Manuela Oschmann

Personal information
- Nationality: Germany
- Born: 27 December 1961 (age 64) Zella-Mehlis, East Germany

Sport
- Sport: Skiing
- Club: SC Motor Zella-Mehlis

World Cup career
- Seasons: 1 – (1992)
- Indiv. starts: 3
- Indiv. podiums: 0
- Team starts: 1
- Team podiums: 1
- Team wins: 0
- Overall titles: 0 – (47th in 1992)

Medal record
Women's cross-country skiing
Representing East Germany
World Championships
| Bronze medal – third place | 1985 Seefeld | 4 × 5 km relay |
Junior World Championships
| Bronze medal – third place | 1984 Trondheim | 3 × 5 km relay |
| Bronze medal – third place | 1985 Täsch | 3 × 5 km relay |

= Manuela Oschmann =

German cross-country skier (born 1965)

Manuela Oschmann (née Drescher; born 9 June 1965) is a former German cross-country skier who competed during the 1980s. She won a bronze medal in the 4 × 5 km relay at the 1985 FIS Nordic World Ski Championships in Seefeld, Austria. She also competed in three events at the 1992 Winter Olympics.
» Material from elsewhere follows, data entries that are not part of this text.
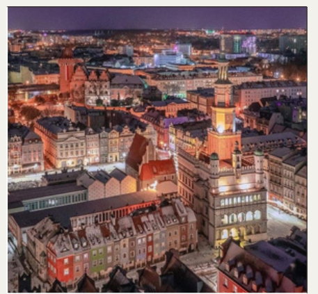
Poznan, POLONIA 12:30-13:00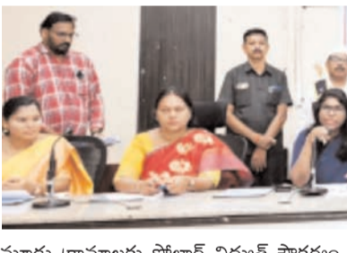
మూడు గ్రామాలకు సోలార్ విద్యుత్ సౌకర్యం కల్పించామని అన్నారు. గిరిజన ప్రాంతంలో విద్యుత్తులు తక్కువగా ఉన్న యువతకు వైపు బ్యాంకింగ్ కార్యక్రమాలు నిర్వహించి వారికి ఉపాధి కల్పించేందుకు తగు ప్రణాళిక సిద్ధం చేశామన్నారు. సర్వేయర్లకు పనులవసానికి రుణాలు కోరిన గిరిజనులకు ఈ ఆర్థిక సంవత్సరంలో రుణాలు అందించేందుకు ప్రణాళిక సిద్ధం చేశామన్నారు. గో.రాష్ట్ర ముఖ్యమంత్రి చెప్పిన విధంగా ఉపాధి కల్పించేందుకు ప్లాన్ ఆఫ్ యాక్షన్ సిద్ధం చేస్తున్నామన్నారు. పోలవరం ప్రాజెక్ట్ ఆర్ అండ్ ఆర్ కు సంబంధించి ఏవైనా సమస్యలుంటే వాటిని విచారణ చేసి వాటిని పరిష్కరిస్తున్నామన్నారు. గిరిజన ప్రాంతం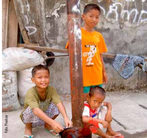
Enligt FN:s beräkningar kommer 70 procent av jordens befolkning att bo i städer 2050. Bilden visar barn på en gata i Indonesien.

BISTÅ DE MINST UTVECKLADE LÄNDERNA MED HÅLLBAR OCH MOTSTÅNDSKRAFTIG BYGGNATION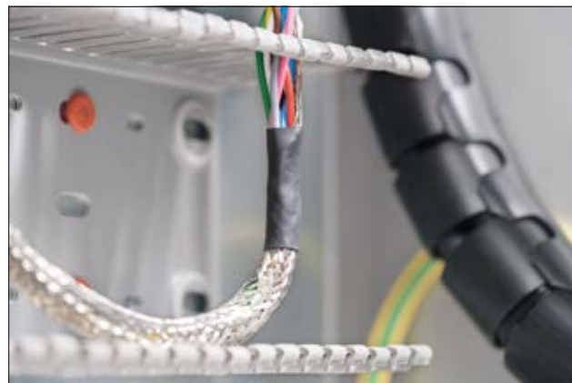
TF21 - erfüllt eine Vielzahl an Industrienormen.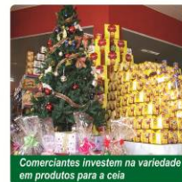
Comerciantes investem na variedade em produtos para a ceia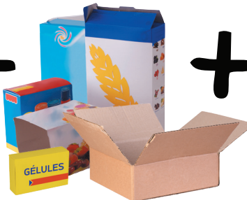
Boîtes et cartons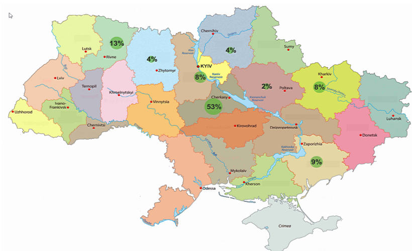
Рис. 3. Розподіл обсягу виробництва органічних круп по областях країни у 2017 році

Географія обсягу виробництва найбільших вітчизняних виробників органічних круп розроблена за даними [13,11] та наведена на рис. 3. Серед них варто виділити такі: ТОВ «Фірма «Діамант ЛТД», ТОВ «Органік оригінал», ТОВ «Органік лайф», ПП «Агроєкологія», ТОВ «Кварк», ТОВ «Цефей-Групп», ТОВ «Агрофірма «Поле», ТОВ «Адоніс Люкс», ПП «Галекс-Агро», ТОВ «Дедденс Агро», ТОВ «Сквирський комбінат хлібопродуктів». У сумі вони виробляють левову частку органічних круп в Україні.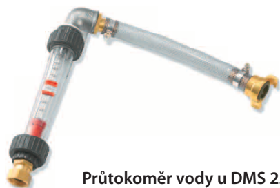
Průtokoměr vody u DMS 25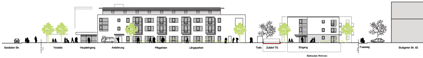
Ansicht Nord - Stuttgarter Straße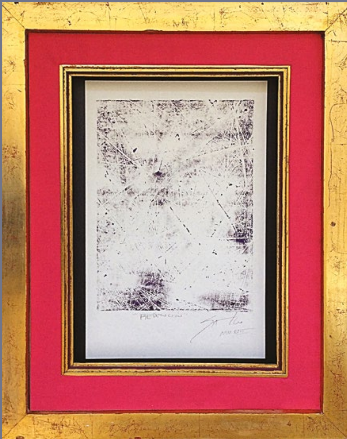
Diagrama. Precedido de evidencia transconceptual

==Cross-country skiing results==
All results are sourced from the International Ski Federation (FIS).

===Olympic Games===

| Year | Age | 5 km | 15 km | Pursuit | 30 km | 4 × 5 km relay |
|---|---|---|---|---|---|---|
| 1992 | 30 | 42 | 15 | 38 | — | — |

===World Championships===
- 1 medal – (1 bronze)

| Year | Age | 5 km | 10 km | 20 km | 4 × 5 km relay |
|---|---|---|---|---|---|
| 1985 | 23 | — | 29 | — | Bronze |

===World Cup===
====Season standings====

| Season | Age | Overall |
|---|---|---|
| 1992 | 30 | 47 |

====Team podiums====

- 1 podium

| No. | Season | Date | Location | Race | Level | Place | Teammates |
|---|---|---|---|---|---|---|---|
| 1 | 1984–85 | 11 January 1985 | AUT Seefeld, Austria | 4 × 5 km Relay | World Championships^{[1]} | 3rd | Nestler / Misersky / Noack |

Note: Until the 1999 World Championships, World Championship races were included in the World Cup scoring system.